__What the task requires__
Reprint the lines below as they are, minus the pictures.

__Dataset section__
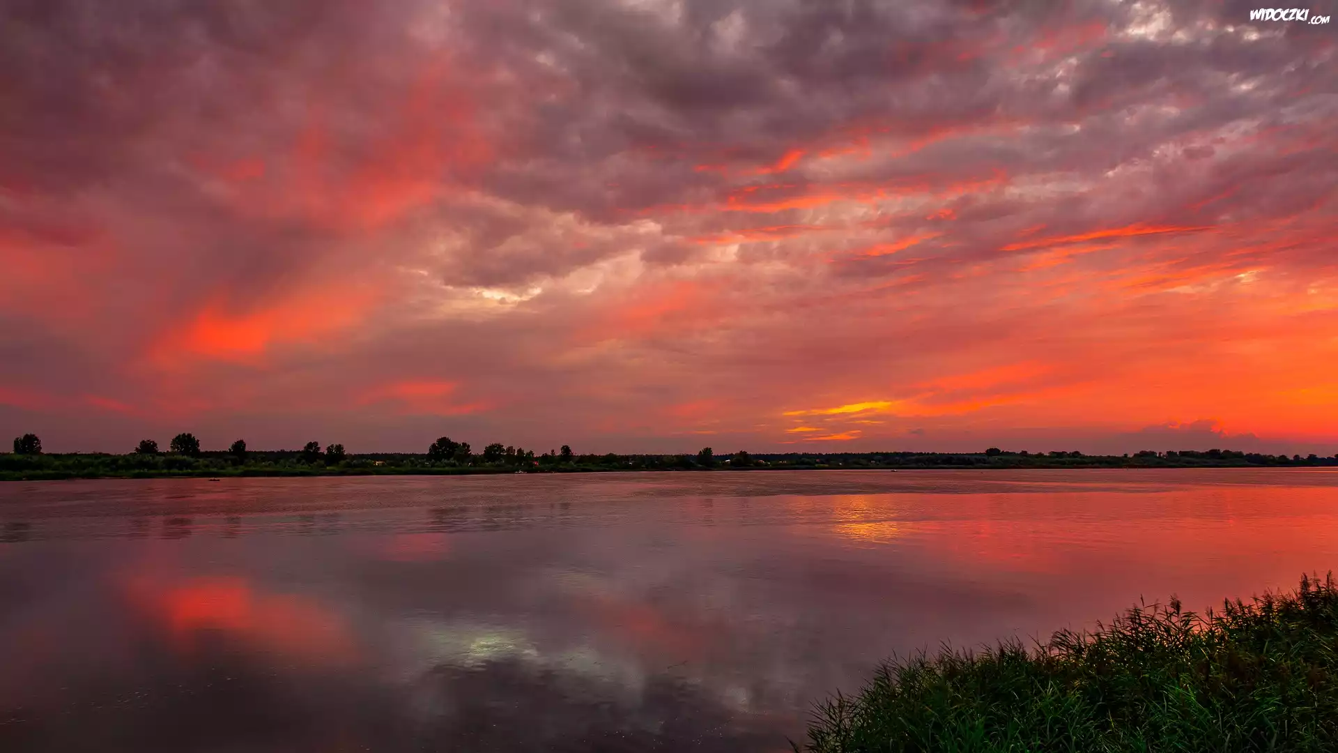 Zdjęcia, Niebo, Zachód słońca, Rzeka, Rośliny
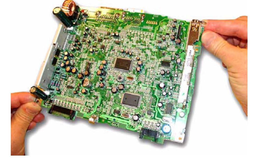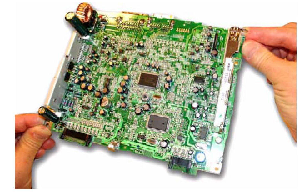 10. Carefully lift the PCB (printed circuit board), touching only the edges as shown.
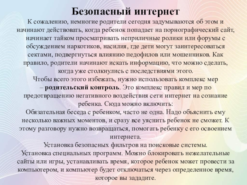 Чтобы всего этого избежать, нужно использовать комплекс мер – родительский контроль. Это комплекс правил и мер по предотвращению негативного воздействия сети интернет на сознание ребенка. Сюда можно включить:
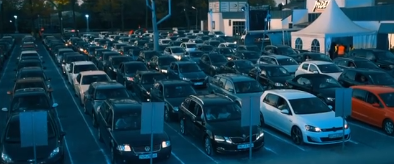 A German parking lot was converted into a rave party with 250 cars and as many as two humans inside each car.

__Response area__
 Zdjęcia, Niebo, Zachód słońca, Rzeka, Rośliny
 10. Carefully lift the PCB (printed circuit board), touching only the edges as shown.
 Чтобы всего этого избежать, нужно использовать комплекс мер – родительский контроль. Это комплекс правил и мер по предотвращению негативного воздействия сети интернет на сознание ребенка. Сюда можно включить:
 A German parking lot was converted into a rave party with 250 cars and as many as two humans inside each car.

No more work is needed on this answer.